( 출처 : 연세대학교 데이터베이스 시스템 수업 (CSI6541) 강의자료 )
Chapter 9. Indexing and Hashing
Contents
- Basic Concepts
- Ordered Indices
- ..
(1) Basic Concepts
Indexing mechanisms
- used to speed up access to desired data
Search Key :
- set of attributes used to look up records in a file
Index file …
- consists of records (called index entries) of the form search-key & pointer
- typically much smaller than the original file
2 basic kinds of indices
- (1) ordered indices
- search keys are stored in sorted order
- (2) hash indices
- search keys are distributed uniformly across “buckets” using a “hash function”
(2) Ordered Indicies
( stored in sorted order of search key value )

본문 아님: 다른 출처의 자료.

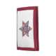 A simple nylon wallet that seems very durable. The design on front (Reiki) is very special. The red color of the wallet is attractive. Very satisfied with the print.
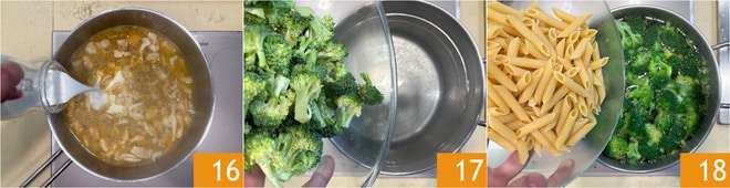 Ajoutez la crème 16 et faites cuire à feu doux pendant 5 minutes. Entre-temps, faites cuire les brocolis dans de l'eau bouillante salée 17 pendant 2 minutes, puis ajoutez les pâtes 18 et faites cuire selon le temps indiqué sur l'emballage.
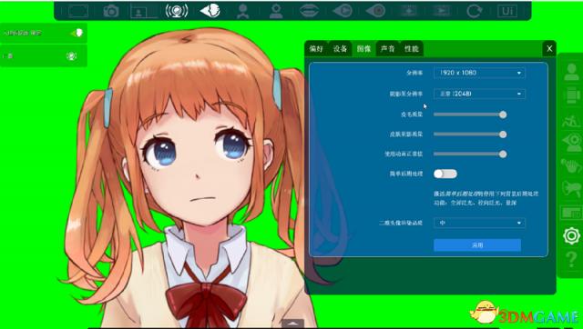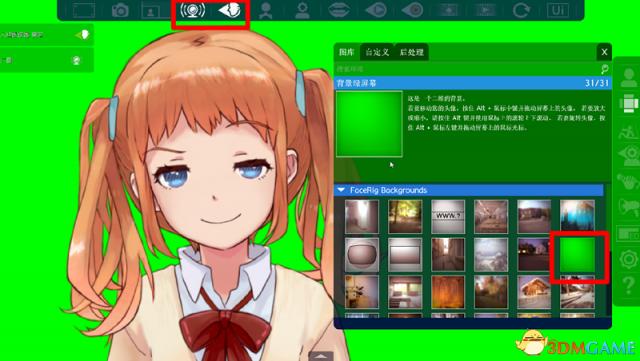 首先要在背景设置中找到绿幕布然后应用,同时上面的脸部追踪和广播信号也要开,不然软件就没有任何用。
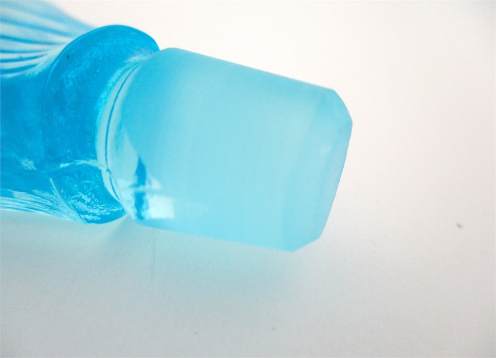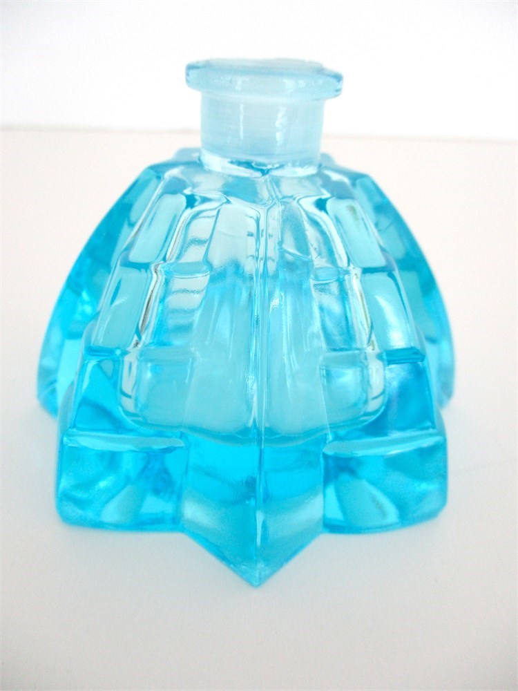 Vintage Czech, Geometric, Art Deco Turquoise Blue Glass Perfume
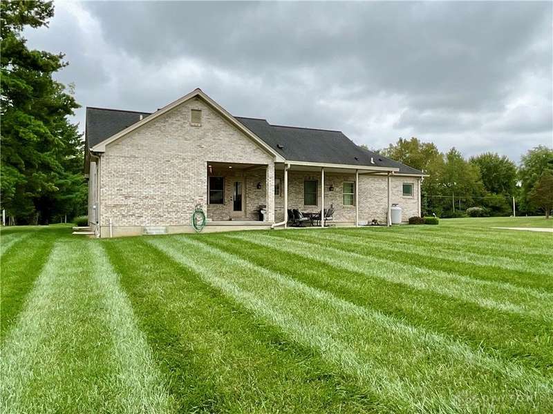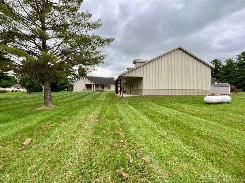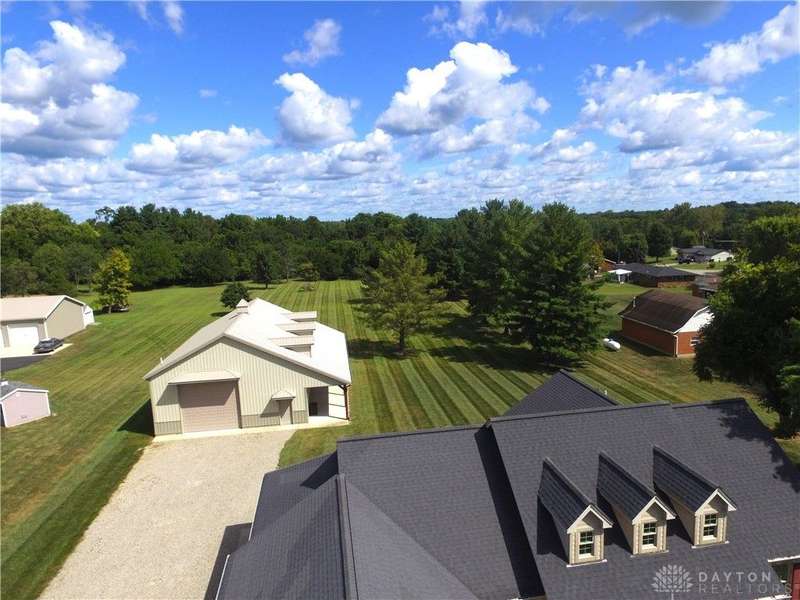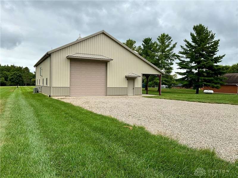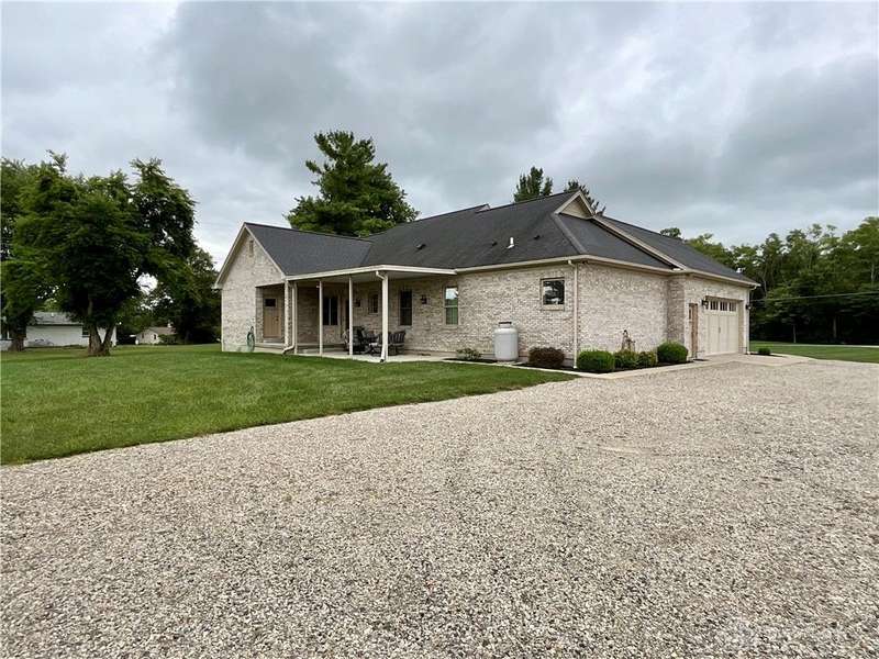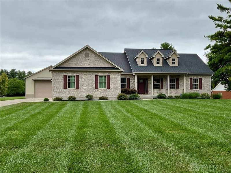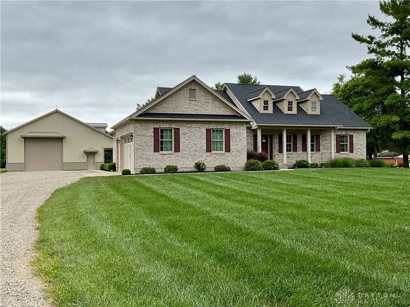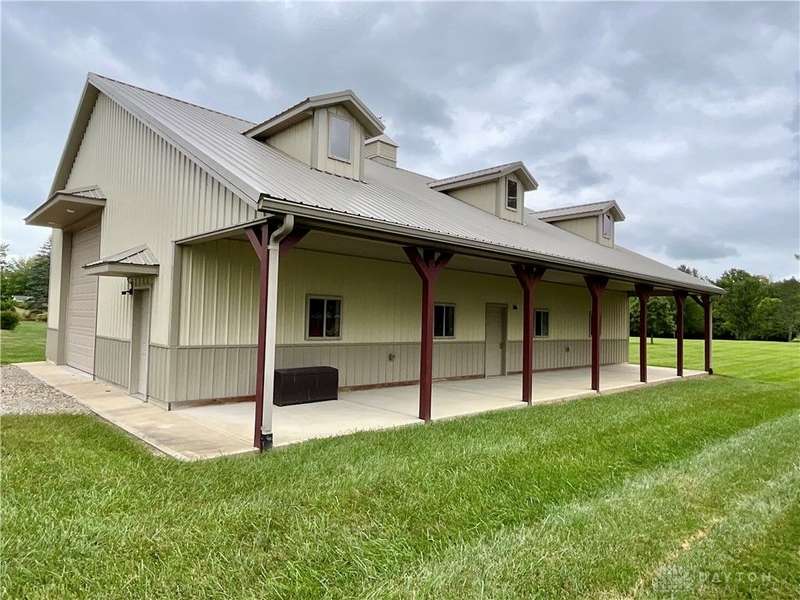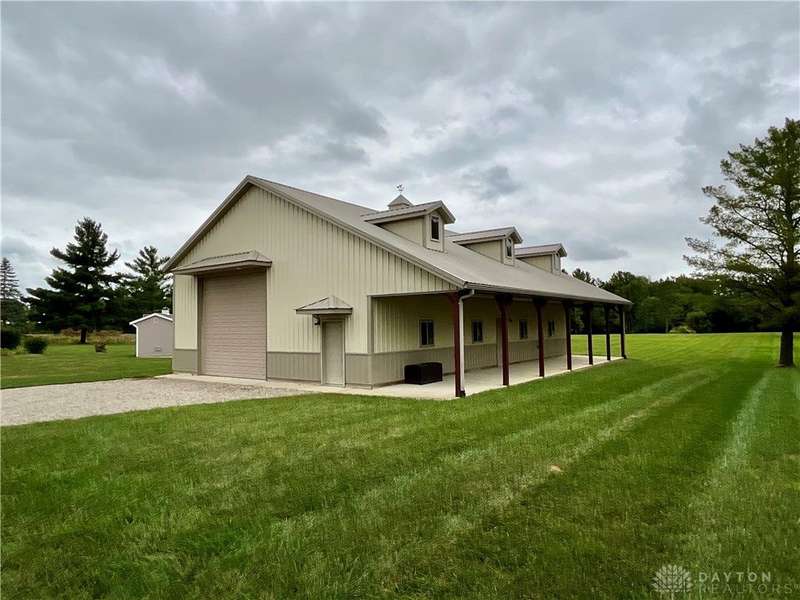 Experience country living at it's finest in this exceptional custom built single story ranch with a full finished basement situated on 2.31 acres in Eaton, Ohio. This home was built in 2014 for the current owner and is full of custom details and upgrades. The covered front porch leads you into the spacious living room with vaulted ceiling and gas fireplace. The living room is open to the dining room & the stunning kitchen which features custom cabinetry, granite counters, a large island with copper prep sink, & a gas stove. The primary bedroom features two walk-in closets and an expansive en suite bath with walk-in tile shower, jetted soaking tub, & dual sink vanity. First floor laundry is located across the hall from the primary bedroom. There are 2 additional bedrooms and a full bath on the main level. The lower level features a large rec room with a full kitchen, full bath, exercise room, and 2 additional bedrooms both with egress. The covered rear patio is the perfect spot to entertain, there is even a 1/2 bath accessible from the patio! The 36x60 outbuilding with 10x60 covered porch is a hobbyists dream. It features 14 foot ceilings, epoxy coated floors, and is divided into two shops. The front shop is -35'x27' and is heated with a FWA propane furnace. The rear shop is -35'x31' is insulated and is heated with a FWA propane furnace and has central A/C as well as a dehumidifier. There is a 1/2 bath located in the front shop. Additional features of the home include; Geo-thermal HVAC, 9' ceilings throughout the first floor and basement, & a 2 car attached garage.

If the file containing the records is sequentially ordered…
-
(1) primary index
( = also called clustering index )
- index whose search key also defines the sequential order of the file
-
(2) secondary index
( = also called non-clustering index )
- index whose search key specifies an order different from the sequential order of the file
Indexed sequential file :
- sequential file with a primary index
Primary Index : Dense Index Files
-
data의 “모든 key가 index에서 표현”
-
Dense Index : “key들을 data의 순서와 동일하게 유지”
-
Index : key & pointer만을 보유
\(\rightarrow\) data 자체보다 훨씬 적은 공간 소모
Primary Index : Sparse Index Files
-
(Dense Index) 모든 key를 가지고 있기엔, data가 너무 많음
\(\rightarrow\) 이를 보완하기 위한 것이 Sparse Index
-
data (X) data block (O) 마다 1개의 key-pointer 쌍을 가짐
-
장 & 단 ( vs. Dense Index )
- 장) 훨씬 적은 공간을 사용
- 단) 주어진 record의 key를 찾는데 더 많은 시간 걸림
Primary Index : Multilevel Index Files
Secondary Index
(3) B\(^{+}\)-Tree Index Files
( = alternative to indexed-sequential files )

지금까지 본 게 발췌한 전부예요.